# Submersion btw R and S^1

1. Oct 26, 2007

### quasar987

I think it's accepted to post HW type question in here.

"Is there a submersion from S^1 to R? From R to S^1?"

By a submersion from M to N, I mean a map f:M-->N whose tangent map is surjective.

I answered 'yes' to both questions, which I find dubious.

Take for an atlas of S^1, {({$\exp(i\theta):0<\theta<2\pi$}, z-->arg(z)), ({$\exp(i\theta):-\pi<\theta<\pi$}, z-->arg(z))}

Submersion from S^1 to R: Let x be in S^1 and f:S^1-->[0,2pi[ be f(z)=arg(z). Let r be a real number. I must show that there is a path y:]-e,e[-->S^1 such that y(0)=x and d/dt(f o y)(0)=r. Well such a path is y(t)=xexp(irt).

Submersion from R to S^1: Let x to be in R and f:R-->S^1 be f(y)=exp(ig(y)), where g:R-->[0,2pi[ is the "mod 2 pi" map. Let r be a real number. I must show that there is a path y:]-e,e[-->R such that y(0)=x and d/dt(p o f o y)(0)=r, for p a chart of S^1 around f(x). Well such a path is y(t)=x(t+1)^(r/x).
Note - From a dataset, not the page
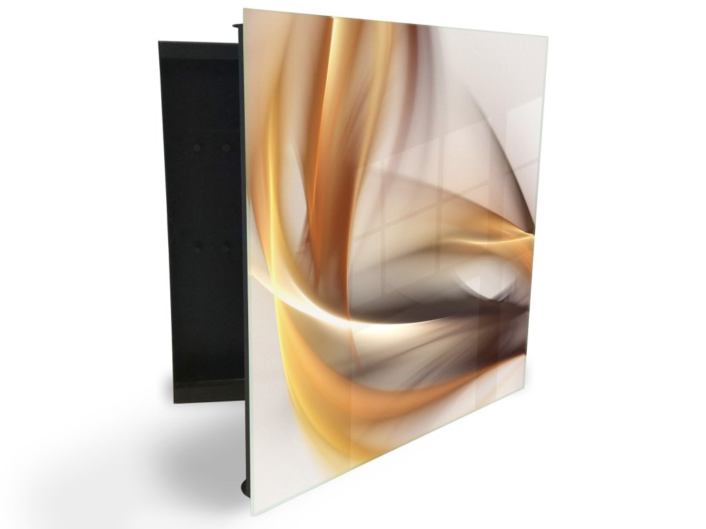 Glasdekor skříňka na klíče - zlato hnědá abstraktní vlna

I have constructed y so that y'(0)=r.

Yes, because by construction, p o f = g, and d/dt(g o y)(0)=g'(y(0))*y'(0)=1*r=r.

2. Oct 27, 2007

### Reverie

What you wrote is wrong and a bit difficult to read.
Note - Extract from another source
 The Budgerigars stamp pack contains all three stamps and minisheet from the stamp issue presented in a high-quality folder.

1.)A submersion from S^1 -> R does not exist.
2.)A submersion from R -> S^1 does exist.

"By a submersion from M to N, I mean a map f:M-->N whose tangent map is surjective."

is missing a key element. Usually a submersion is required to be smooth in addition to having the surjectivity condition you mentioned.
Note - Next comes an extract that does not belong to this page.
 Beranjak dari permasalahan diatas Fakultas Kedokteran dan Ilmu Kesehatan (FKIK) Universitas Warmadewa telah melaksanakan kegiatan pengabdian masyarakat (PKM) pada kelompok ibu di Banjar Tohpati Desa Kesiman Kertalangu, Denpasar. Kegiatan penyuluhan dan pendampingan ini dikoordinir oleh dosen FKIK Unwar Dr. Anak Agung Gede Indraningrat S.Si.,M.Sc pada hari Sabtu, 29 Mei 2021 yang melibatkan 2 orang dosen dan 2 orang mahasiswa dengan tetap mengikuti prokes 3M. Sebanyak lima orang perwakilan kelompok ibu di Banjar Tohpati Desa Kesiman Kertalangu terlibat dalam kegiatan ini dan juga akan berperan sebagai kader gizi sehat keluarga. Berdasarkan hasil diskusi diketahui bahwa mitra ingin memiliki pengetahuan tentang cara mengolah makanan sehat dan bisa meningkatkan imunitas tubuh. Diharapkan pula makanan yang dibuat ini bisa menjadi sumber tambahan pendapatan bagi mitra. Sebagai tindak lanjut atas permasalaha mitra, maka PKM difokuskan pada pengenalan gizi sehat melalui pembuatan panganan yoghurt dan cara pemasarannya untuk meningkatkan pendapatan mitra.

4.)The argument map from S^1 -> R is not continuous. That is the problem with your first proof.

To write more clearly, I suggest the following.

1.) Open parenthesis are usually written using "(" and ")". Most readers like looking at these symbols as opposed to "]" and "[". Use the standard notation. Nonstandard notation requires a reader to visualize the "standard version". This reduces mental capacity of the reader to accomodate other errors, misunderstandings, and varying notational conventions.

2.)Make it clear what you are doing.

"I must show that there is a path y:]-e,e[-->S^1 such that y(0)=x and d/dt(f o y)(0)=r."

I eventually realized what you were doing with this step. However, it took more effort than it should have given that I was familiar with these concepts and definitions.

Instead of writing, "I must show that..."

Write, "In order to show f is surjective, ..."

This helps the reader immediately know what your goal is with that particular step.

3. Oct 27, 2007

### quasar987

Thanks for correcting my definition.

But how would a proof of non-existence go? Do you have a hint for me?

4. Oct 29, 2007

### Reverie

Let f:S^1-->R be any smooth map and consider Im(f) subset of R. Let m=max Im(f). At any point x in the inverse image of m, the map f will not be a submersion.

Take local coordinates c around the point x. Then,
f compose c:(-e,e)-->R is not a submersion. Hence, f is not a submersion.

The graph of f compose c subset of (-e,e)xR looks like "n". At the point where the tangent line is horizontal, the function f compose c is not a submersion.